House debates
Tuesday, 28 May 2024
Questions without Notice
Budget
2:08 pm
Rob Mitchell (McEwen, Australian Labor Party) Share this | Link to this | Hansard source
My question is to the Prime Minister. How is the budget helping to deliver cost-of-living relief for Australians and building a better future? What is standing in the way of making our future here?
Milton Dick (Speaker) Share this | Link to this | Hansard source
Order! Members on my left will cease interjecting.

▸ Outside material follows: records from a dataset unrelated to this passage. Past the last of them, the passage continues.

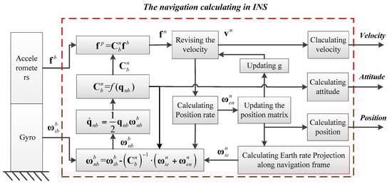 Gyros and accelerometers are the main Inertial Measurement Units (IMUs) of INS, and the vehicle’s navigation information is obtained by the calculation process based on the IMU measurement. The principle of INS is shown in Figure 1 [46,47,48].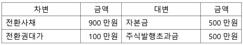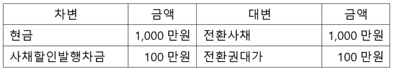 예를 들어, 전환사채 발행금액이 1,000만원이고, 부채 요소 금액이 900만원, 자본 요소 금액이 100만원이라면, 발행일에 다음과 같이 회계처리 될 것이다.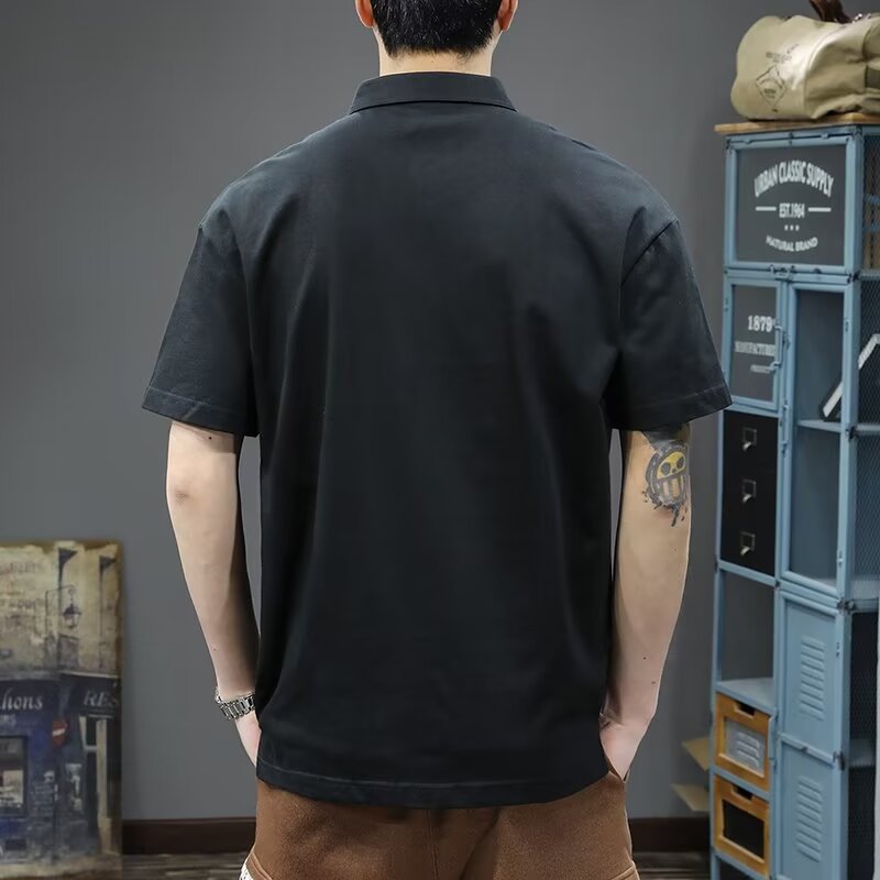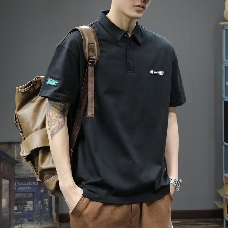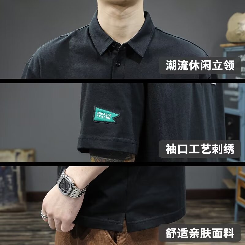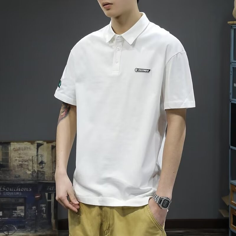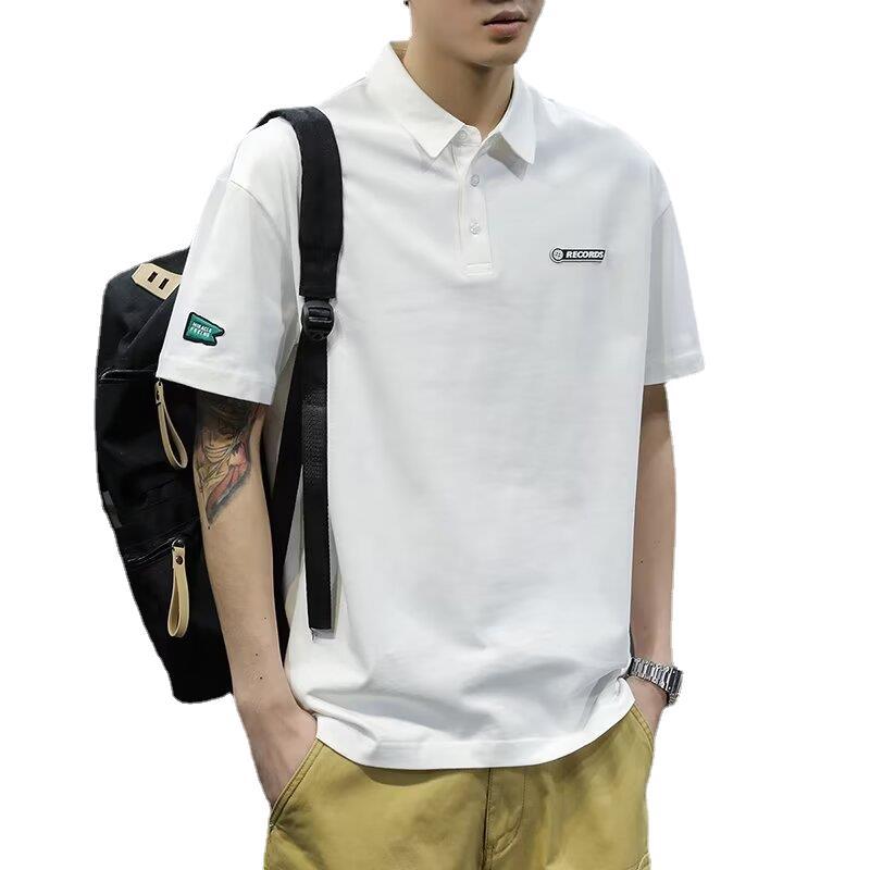 Polo衫夏季男士短袖翻领白色t恤潮流宽松纯色体恤日系纯棉衬衫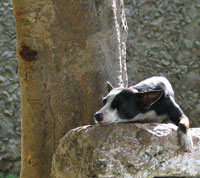 The Xoloitzcuintle does seem somehow ancient. The coated variety does not have fur, but they have very short hair like a deer or horse. They have almond-shaped eyes ringed with black "eye-liner", traces of a mane around their unusually long necks, bat-like ears and rubbery skin exposed on their bellies. We consider them the essence of dogness and they are probably the most wonderful dogs we have ever known: gentle, sweet-natured and incredibly hardy. They don't shed much and they don't smell, but they can wolf down an entire chicken from Pollo Brujo - bones and all - without taking a breath.
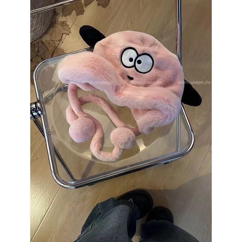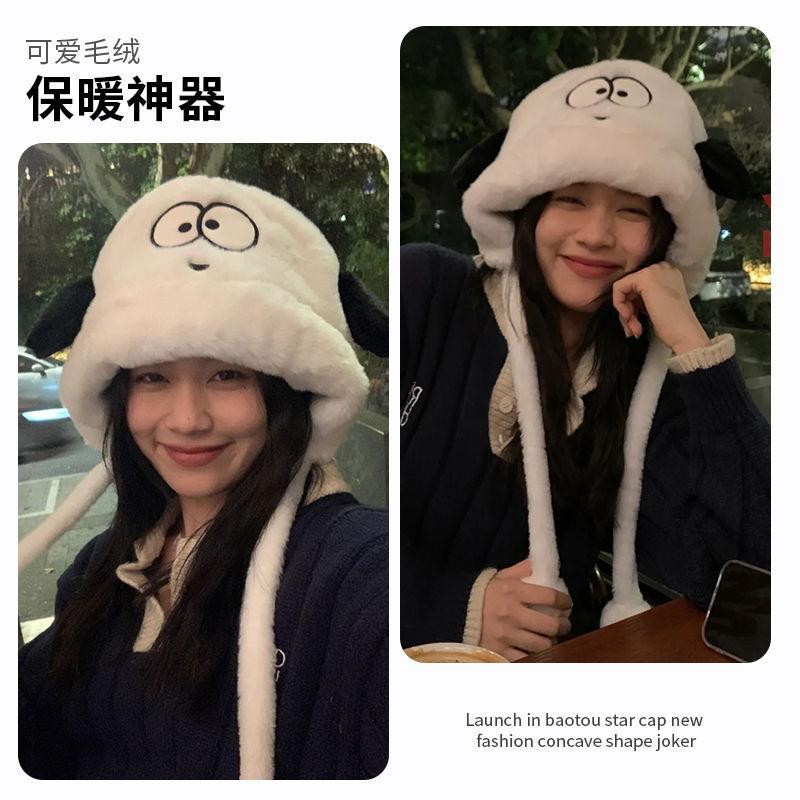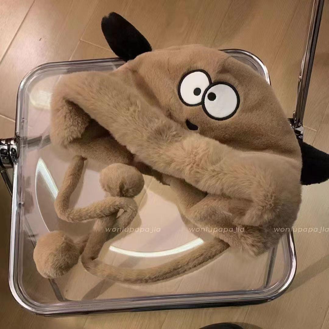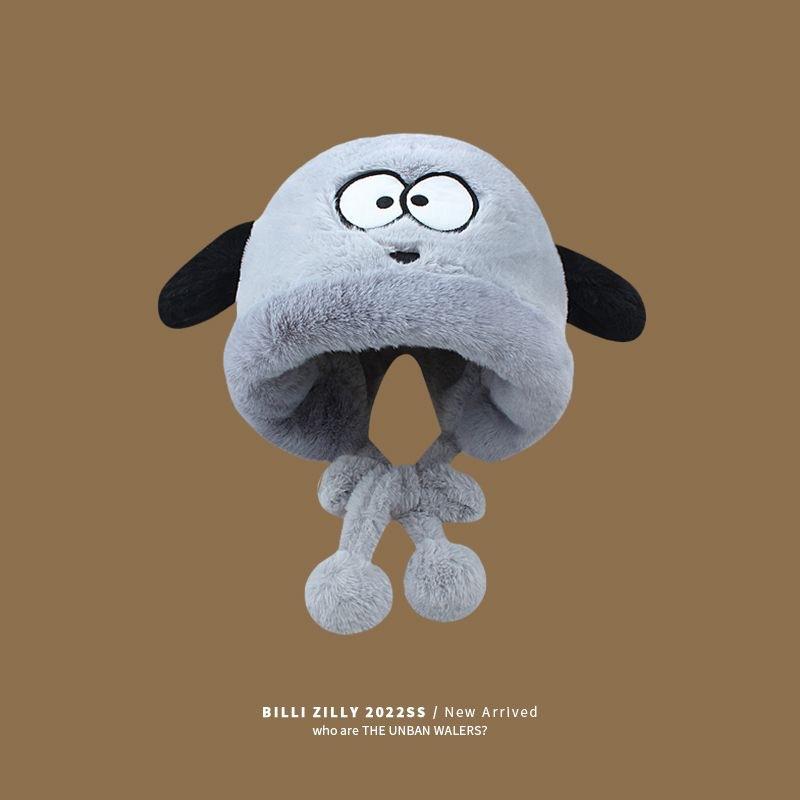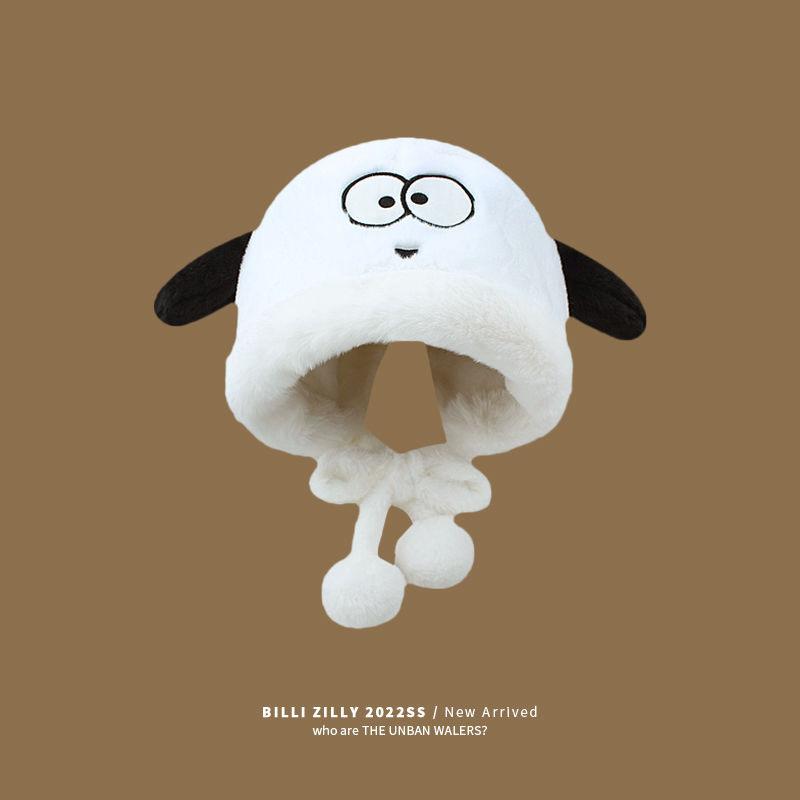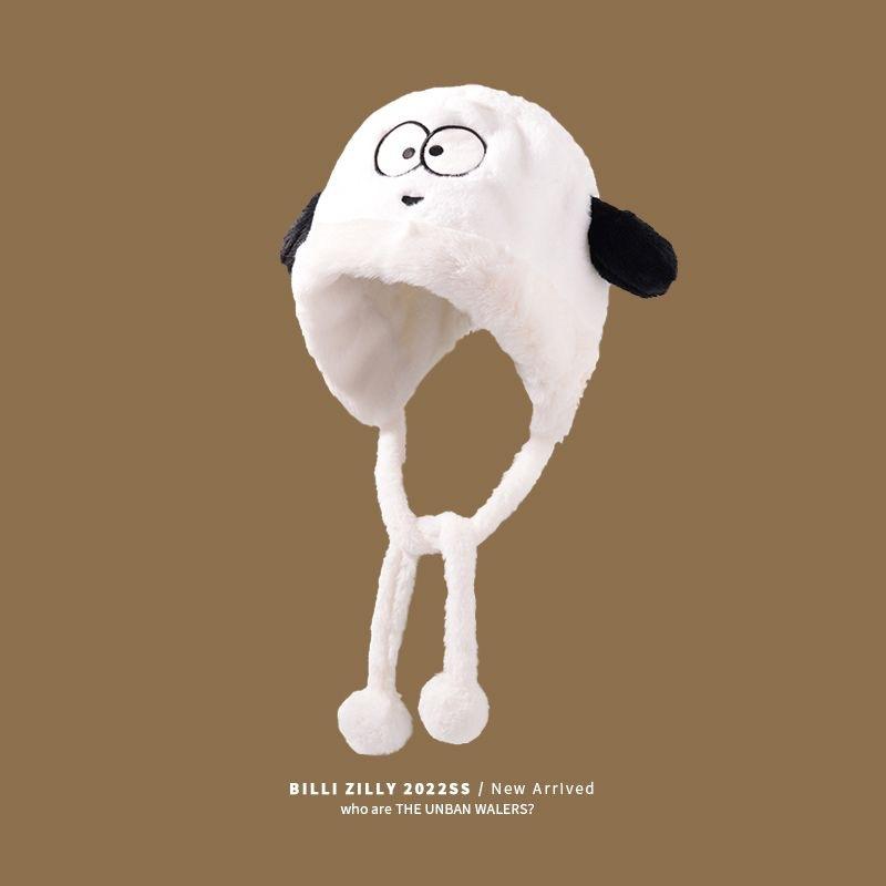 Sombrero de Peluche de Cachorro Lindo para Niñas Invierno Cálido Protección para las Orejas Peludo Combinable para Montar Forrado de vellón Engrosado Sombrero Lei Feng

Anthony Albanese (Grayndler, Australian Labor Party, Prime Minister) Share this | Link to this | Hansard source
I thank the member for McEwen for his question. It was good to be in the member for McEwen's electorate, looking at infrastructure related to the very significant intermodal that will be built in his region, which will create many thousands of jobs, boost productivity and make an enormous difference to the region and, indeed, to the nation.
We delivered a budget focused on the things that have driven us over the last two years—firstly, helping with the rising cost-of-living pressures that people are feeling. We did that by producing a tax cut for all 13.6 million taxpayers—not just some of them, which is what those opposite wanted. We did that as well by having energy price relief of $300 for every household, not just some, and by providing support for every small business as well. We did it by providing stronger Medicare for every part of the community, adding a further 29 urgent care clinics to the 58 that have been up and running. We did it by ensuring more homes can be built in every part of the country, with our $32 billion plan for homes in Australia.
We also had—
Milton Dick (Speaker) Share this | Link to this | Hansard source
The member for Deakin will cease interjecting.
Order! The Treasurer and the member for Deakin will cease interjecting for the remainder of the Prime Minister's answer.
Anthony Albanese (Grayndler, Australian Labor Party, Prime Minister) Share this | Link to this | Hansard source
We also had a plan for a future made in Australia. That's where future economic growth will come from. How do we seize the opportunities from the shifts that are happening in the global economy? With the shift to clean energy, there is no country you would rather be in than Australia, with the resources that we have under the ground that will power global economies in this century but also the resources we have in the sky, the best solar resources in the world, as well as the opportunity that we have for green hydrogen, to be producing green metals and to be producing advanced manufacturing jobs.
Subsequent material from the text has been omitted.